With an increasing number of brands entering the market across virtually all sectors (financial services, retail, healthcare, communications, etc.) organizations are fighting harder than ever to meet their customers’ demands. But as plenty of companies are discovering, it’s one thing to create a good product or service, and a completely different thing to deliver a memorable customer experience (CX).
CX is ranked a key competitive differentiator by 82% of companies, however only 11% self-rate their CX as nine out of 10 or better. These figures highlight just how tough it can be to adapt to digitally-savvy consumers, particularly with the breadth and complexity of day-to-day customer interactions.
Delivering a superior, memorable customer experience is a challenging balancing act, requiring organisations to execute their product vision while prioritizing customers’ demands. It’s also increasingly difficult now that consumers have so many options to choose from, and far more means of expressing dissatisfaction should an experience take a downturn.
But while business leaders—including C-level executives—commonly promote their customer centricity, the reality is many haven’t quite unravelled what that really means for their organisations. And unfortunately, there are still many instances where existing (archaic) policies inhibit the ability to serve the customer.
Although there’s an understanding that customer experience must incorporate traditional telephony, apps, email, web chat and social media, it takes much more than simply providing different platforms for consumers to use. Omnichannel isn’t enough.

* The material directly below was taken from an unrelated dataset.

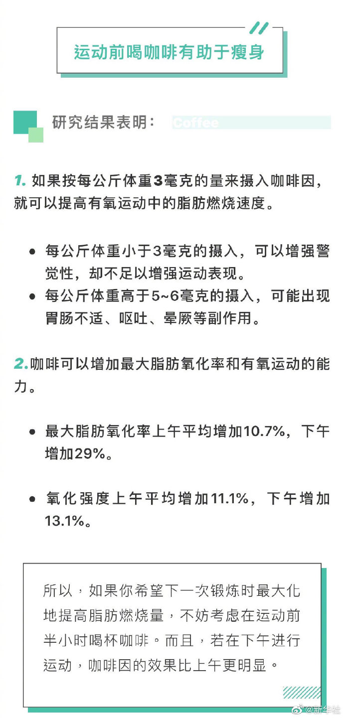 近日,發(fā)表在《國際運動營養(yǎng)學(xué)會雜志》的一項研究顯示,在進(jìn)行有氧運動前半小時攝入咖啡因(3毫克/公斤,相當(dāng)于一杯濃咖啡),能顯著提高脂肪燃燒的速度,尤其是在下午。戳圖告訴你怎么喝咖啡才能輔助燃脂。此外,研究稱喝咖啡預(yù)防多種癌癥。(生命時報)

In order to optimise customer experience, companies must ask:
How well do our various channels communicate?
How can we reduce the number of times clients need to pass a security check without jeopardising their privacy and data?
Can we start a conversation over web chat, and then move it to phone call or video?
How can we better understand every one of our unique customers?
How can all of these elements be wrapped together to ensure the entire organisation is ready to serve?
All of these questions have something in common: they require a modern platform that is flexible enough to meet every customer’s unique needs, as well as the ability to collect and analyse data to inform intelligent decisions that will boost the value the brand can deliver. To effectively serve customers, companies need to consolidate touch points to deliver a consistent, seamless experience through various channels—but they must also ensure that every team member—in any role—is a customer experience expert who has the right tools and data when they get a query.
At Avaya, we have fundamentally transformed our services delivery model. We enable our clients to create experiences that align to the needs of their businesses while catering for the expectations of their customers. By developing a flexible software core that can be customised to almost every customer experience scenario, we are helping organisations become ready to serve, which leads to maximised customer satisfaction and subsequent retention.
Customer experience is of such prominence that analyst firm IDC argued the evolving contact centre market is buoyed by business leaders’ focus on improving CX. This demonstrates the opportunity at hand, however organisations must do more than simply provide a selection of channels for consumers to use. Long wait times are perceived as unacceptable—the limited flow of data within an omnichannel environment should be too. Companies need to let their customers determine value. And that is the approach Avaya has adopted in order to fulfil our role as the communications company for digital transformation.